### [What the task asks]
If pictures appear in the lines below, skip them and copy exactly the lines from the one containing "Bolsius rustikale runde" through the one containing "チーズクルチャが作りたくて店を始めました。 2025.10.10 食べ歩き", and nothing else.

### [The data]
────────────────────────────────────────
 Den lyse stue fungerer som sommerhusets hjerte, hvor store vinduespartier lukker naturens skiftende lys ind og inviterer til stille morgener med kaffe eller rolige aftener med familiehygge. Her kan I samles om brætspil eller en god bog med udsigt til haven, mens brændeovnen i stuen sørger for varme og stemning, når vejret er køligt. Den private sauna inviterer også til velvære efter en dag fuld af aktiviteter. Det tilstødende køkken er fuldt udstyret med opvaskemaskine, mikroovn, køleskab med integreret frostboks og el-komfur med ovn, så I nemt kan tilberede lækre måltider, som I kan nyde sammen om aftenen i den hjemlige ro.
────────────────────────────────────────
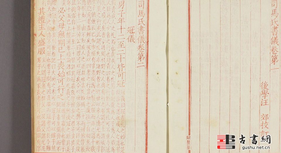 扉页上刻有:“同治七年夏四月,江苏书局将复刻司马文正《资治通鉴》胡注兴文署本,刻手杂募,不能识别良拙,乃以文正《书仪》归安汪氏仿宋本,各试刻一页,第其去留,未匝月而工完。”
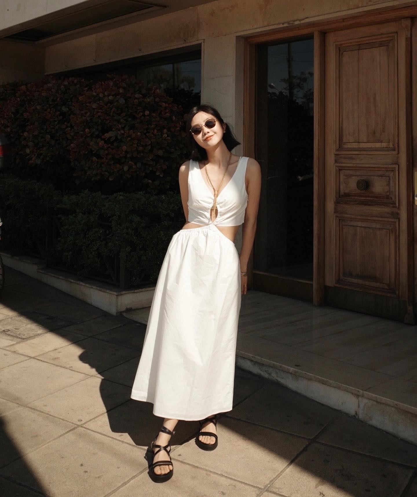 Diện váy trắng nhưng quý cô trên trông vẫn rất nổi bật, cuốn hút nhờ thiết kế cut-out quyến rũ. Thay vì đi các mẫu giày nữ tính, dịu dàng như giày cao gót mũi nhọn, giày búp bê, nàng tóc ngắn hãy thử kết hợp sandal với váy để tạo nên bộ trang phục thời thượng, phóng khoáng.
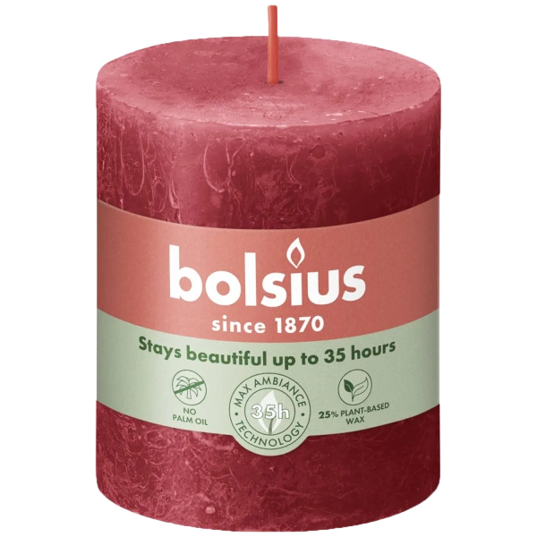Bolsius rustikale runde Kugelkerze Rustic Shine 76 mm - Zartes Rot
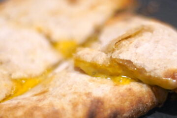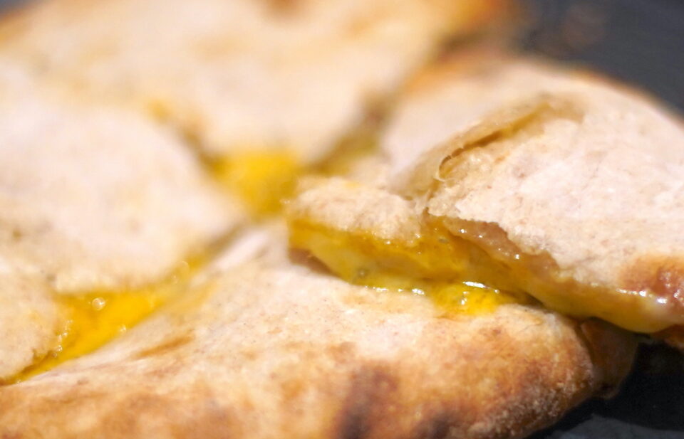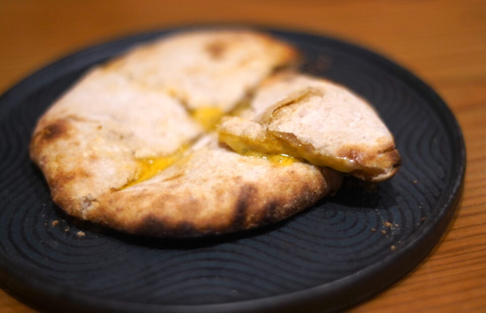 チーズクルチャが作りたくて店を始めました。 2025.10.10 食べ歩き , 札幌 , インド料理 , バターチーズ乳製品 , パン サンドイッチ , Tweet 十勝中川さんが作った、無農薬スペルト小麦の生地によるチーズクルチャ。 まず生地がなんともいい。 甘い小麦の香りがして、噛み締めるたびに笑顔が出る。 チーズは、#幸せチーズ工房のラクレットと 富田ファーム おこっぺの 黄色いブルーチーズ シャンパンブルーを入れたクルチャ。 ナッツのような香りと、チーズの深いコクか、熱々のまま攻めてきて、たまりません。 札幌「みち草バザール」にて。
────────────────────────────────────────
### [Result of this task]
Bolsius rustikale runde Kugelkerze Rustic Shine 76 mm - Zartes Rot
 チーズクルチャが作りたくて店を始めました。 2025.10.10 食べ歩き , 札幌 , インド料理 , バターチーズ乳製品 , パン サンドイッチ , Tweet 十勝中川さんが作った、無農薬スペルト小麦の生地によるチーズクルチャ。 まず生地がなんともいい。 甘い小麦の香りがして、噛み締めるたびに笑顔が出る。 チーズは、#幸せチーズ工房のラクレットと 富田ファーム おこっぺの 黄色いブルーチーズ シャンパンブルーを入れたクルチャ。 ナッツのような香りと、チーズの深いコクか、熱々のまま攻めてきて、たまりません。 札幌「みち草バザール」にて。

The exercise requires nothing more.